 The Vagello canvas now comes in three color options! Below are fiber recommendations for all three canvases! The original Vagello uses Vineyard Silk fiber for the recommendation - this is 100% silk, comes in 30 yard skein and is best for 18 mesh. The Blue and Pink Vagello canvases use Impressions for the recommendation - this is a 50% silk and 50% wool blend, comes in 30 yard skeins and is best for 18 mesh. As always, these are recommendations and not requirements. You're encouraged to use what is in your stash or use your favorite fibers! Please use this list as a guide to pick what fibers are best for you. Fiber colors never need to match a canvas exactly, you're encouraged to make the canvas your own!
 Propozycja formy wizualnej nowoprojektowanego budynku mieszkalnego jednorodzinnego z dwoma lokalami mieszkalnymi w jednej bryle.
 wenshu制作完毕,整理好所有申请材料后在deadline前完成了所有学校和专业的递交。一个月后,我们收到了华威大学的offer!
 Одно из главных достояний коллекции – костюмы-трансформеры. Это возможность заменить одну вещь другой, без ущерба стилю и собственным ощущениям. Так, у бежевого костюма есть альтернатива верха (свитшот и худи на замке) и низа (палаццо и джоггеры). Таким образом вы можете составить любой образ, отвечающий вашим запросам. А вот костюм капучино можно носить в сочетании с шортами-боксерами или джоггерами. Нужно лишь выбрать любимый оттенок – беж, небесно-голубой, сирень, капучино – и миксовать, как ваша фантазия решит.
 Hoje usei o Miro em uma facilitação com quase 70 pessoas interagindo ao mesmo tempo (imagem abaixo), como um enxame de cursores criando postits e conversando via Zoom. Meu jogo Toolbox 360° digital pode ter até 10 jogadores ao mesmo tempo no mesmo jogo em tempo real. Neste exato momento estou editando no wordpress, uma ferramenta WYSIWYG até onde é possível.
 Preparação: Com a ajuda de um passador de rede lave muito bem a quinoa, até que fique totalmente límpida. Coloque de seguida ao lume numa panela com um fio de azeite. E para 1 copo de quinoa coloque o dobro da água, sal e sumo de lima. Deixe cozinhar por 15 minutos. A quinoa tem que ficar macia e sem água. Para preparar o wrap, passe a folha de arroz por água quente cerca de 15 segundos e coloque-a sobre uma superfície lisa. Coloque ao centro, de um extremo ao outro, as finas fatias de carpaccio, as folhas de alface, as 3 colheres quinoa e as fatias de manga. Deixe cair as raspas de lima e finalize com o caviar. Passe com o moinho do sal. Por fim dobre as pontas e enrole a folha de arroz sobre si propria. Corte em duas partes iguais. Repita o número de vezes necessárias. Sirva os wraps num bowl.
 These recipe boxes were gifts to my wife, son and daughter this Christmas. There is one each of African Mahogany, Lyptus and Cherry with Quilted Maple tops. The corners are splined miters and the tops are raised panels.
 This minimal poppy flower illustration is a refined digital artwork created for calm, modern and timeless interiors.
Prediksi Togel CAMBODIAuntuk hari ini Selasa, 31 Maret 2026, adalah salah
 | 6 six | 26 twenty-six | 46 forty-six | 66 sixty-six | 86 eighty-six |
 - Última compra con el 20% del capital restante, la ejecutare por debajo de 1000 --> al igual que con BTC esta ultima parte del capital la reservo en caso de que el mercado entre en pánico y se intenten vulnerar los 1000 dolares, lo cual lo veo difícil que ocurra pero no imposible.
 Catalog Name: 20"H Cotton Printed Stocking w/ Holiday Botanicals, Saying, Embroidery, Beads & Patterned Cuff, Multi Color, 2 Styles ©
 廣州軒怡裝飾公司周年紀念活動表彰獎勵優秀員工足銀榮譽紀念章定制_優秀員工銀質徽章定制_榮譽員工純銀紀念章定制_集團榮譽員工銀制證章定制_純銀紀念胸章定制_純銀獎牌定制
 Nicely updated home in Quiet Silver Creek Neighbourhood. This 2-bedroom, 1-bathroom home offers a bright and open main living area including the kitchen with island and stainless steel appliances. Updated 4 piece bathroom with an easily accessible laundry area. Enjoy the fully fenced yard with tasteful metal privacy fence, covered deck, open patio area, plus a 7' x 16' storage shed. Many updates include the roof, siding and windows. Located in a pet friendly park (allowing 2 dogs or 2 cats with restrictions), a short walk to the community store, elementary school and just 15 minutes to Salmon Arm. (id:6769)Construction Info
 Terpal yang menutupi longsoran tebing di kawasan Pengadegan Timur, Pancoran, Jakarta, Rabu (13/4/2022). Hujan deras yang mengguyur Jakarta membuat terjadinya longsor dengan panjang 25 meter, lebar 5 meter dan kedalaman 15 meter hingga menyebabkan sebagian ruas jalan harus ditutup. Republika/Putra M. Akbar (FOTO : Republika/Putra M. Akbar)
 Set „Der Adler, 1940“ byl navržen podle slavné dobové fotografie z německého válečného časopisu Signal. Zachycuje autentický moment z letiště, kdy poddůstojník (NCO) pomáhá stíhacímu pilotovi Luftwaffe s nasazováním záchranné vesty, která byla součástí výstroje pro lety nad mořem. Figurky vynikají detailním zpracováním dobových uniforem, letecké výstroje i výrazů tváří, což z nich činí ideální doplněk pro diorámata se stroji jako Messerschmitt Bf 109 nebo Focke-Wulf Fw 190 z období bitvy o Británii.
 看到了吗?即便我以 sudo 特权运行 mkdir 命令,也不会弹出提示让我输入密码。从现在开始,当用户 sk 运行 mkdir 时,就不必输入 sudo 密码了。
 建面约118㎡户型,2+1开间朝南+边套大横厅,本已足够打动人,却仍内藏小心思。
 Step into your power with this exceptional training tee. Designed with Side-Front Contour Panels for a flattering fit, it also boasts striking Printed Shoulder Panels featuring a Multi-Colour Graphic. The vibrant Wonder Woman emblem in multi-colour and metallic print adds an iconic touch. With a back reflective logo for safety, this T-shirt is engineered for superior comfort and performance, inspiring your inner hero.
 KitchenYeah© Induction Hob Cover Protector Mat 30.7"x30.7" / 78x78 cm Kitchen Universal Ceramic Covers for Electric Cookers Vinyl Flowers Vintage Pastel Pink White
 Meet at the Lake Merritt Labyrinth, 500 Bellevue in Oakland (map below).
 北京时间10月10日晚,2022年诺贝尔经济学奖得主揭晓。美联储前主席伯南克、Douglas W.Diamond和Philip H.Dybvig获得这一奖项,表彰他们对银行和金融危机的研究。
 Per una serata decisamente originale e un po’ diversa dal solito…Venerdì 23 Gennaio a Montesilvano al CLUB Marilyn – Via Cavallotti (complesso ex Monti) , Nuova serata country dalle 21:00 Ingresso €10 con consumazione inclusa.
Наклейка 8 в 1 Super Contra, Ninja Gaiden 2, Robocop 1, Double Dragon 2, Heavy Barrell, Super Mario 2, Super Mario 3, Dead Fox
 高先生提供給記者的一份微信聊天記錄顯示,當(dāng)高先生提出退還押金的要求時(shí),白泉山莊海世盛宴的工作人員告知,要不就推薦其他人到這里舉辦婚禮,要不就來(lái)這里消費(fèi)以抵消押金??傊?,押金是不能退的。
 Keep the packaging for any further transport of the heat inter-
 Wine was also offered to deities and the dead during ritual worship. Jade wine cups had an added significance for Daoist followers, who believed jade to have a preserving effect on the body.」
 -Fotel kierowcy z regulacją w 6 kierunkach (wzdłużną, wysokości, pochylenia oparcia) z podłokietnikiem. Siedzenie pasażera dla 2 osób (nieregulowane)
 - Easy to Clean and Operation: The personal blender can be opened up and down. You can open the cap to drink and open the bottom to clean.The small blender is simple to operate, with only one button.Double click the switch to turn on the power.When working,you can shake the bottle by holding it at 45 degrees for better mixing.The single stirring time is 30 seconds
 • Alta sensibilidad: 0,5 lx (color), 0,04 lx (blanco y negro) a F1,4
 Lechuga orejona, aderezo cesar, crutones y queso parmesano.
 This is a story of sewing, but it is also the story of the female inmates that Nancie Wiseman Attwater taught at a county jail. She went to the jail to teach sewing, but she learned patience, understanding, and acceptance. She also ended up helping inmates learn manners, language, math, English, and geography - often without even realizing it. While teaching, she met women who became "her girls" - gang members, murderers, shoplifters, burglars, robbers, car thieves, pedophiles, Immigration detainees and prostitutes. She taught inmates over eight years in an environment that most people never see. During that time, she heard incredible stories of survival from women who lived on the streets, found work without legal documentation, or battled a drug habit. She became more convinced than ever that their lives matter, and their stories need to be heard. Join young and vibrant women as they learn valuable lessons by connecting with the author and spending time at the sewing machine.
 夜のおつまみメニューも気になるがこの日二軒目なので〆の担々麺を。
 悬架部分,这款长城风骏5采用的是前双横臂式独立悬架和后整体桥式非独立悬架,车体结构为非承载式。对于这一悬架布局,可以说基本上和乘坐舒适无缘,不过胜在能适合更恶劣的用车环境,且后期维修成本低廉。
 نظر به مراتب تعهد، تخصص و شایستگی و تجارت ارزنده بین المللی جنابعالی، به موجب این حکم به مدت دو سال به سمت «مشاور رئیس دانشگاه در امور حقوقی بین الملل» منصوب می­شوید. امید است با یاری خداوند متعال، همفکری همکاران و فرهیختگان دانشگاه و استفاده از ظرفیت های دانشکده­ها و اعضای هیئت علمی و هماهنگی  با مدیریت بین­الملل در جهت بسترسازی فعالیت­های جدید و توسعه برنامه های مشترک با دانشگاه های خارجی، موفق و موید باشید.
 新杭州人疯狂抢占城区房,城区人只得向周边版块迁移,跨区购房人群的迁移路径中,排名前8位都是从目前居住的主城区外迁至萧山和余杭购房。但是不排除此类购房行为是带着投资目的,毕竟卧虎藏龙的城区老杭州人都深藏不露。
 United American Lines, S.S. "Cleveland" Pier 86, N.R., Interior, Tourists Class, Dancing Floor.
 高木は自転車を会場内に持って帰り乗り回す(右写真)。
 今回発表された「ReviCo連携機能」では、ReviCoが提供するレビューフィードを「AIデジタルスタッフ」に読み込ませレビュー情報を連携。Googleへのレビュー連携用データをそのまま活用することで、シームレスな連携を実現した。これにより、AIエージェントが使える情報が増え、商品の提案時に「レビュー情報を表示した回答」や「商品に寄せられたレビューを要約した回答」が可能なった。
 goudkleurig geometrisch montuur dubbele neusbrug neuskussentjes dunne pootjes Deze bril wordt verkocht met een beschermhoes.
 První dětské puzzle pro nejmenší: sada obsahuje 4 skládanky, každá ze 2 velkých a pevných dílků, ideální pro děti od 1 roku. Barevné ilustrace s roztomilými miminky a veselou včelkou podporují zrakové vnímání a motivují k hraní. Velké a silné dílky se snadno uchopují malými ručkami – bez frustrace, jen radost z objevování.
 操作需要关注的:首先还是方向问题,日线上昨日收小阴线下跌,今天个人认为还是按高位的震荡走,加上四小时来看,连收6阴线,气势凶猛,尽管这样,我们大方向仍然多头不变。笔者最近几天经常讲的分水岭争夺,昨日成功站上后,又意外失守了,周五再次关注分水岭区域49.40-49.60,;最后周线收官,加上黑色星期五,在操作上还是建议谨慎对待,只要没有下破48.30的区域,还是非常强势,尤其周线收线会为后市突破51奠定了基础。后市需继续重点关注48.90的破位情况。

WHAT YOU NEED TO DO:
Whenever the word "Double" occurs in a line above, copy that line.

EXERCISE ANSWER:
Наклейка 8 в 1 Super Contra, Ninja Gaiden 2, Robocop 1, Double Dragon 2, Heavy Barrell, Super Mario 2, Super Mario 3, Dead Fox
 - Easy to Clean and Operation: The personal blender can be opened up and down. You can open the cap to drink and open the bottom to clean.The small blender is simple to operate, with only one button.Double click the switch to turn on the power.When working,you can shake the bottle by holding it at 45 degrees for better mixing.The single stirring time is 30 seconds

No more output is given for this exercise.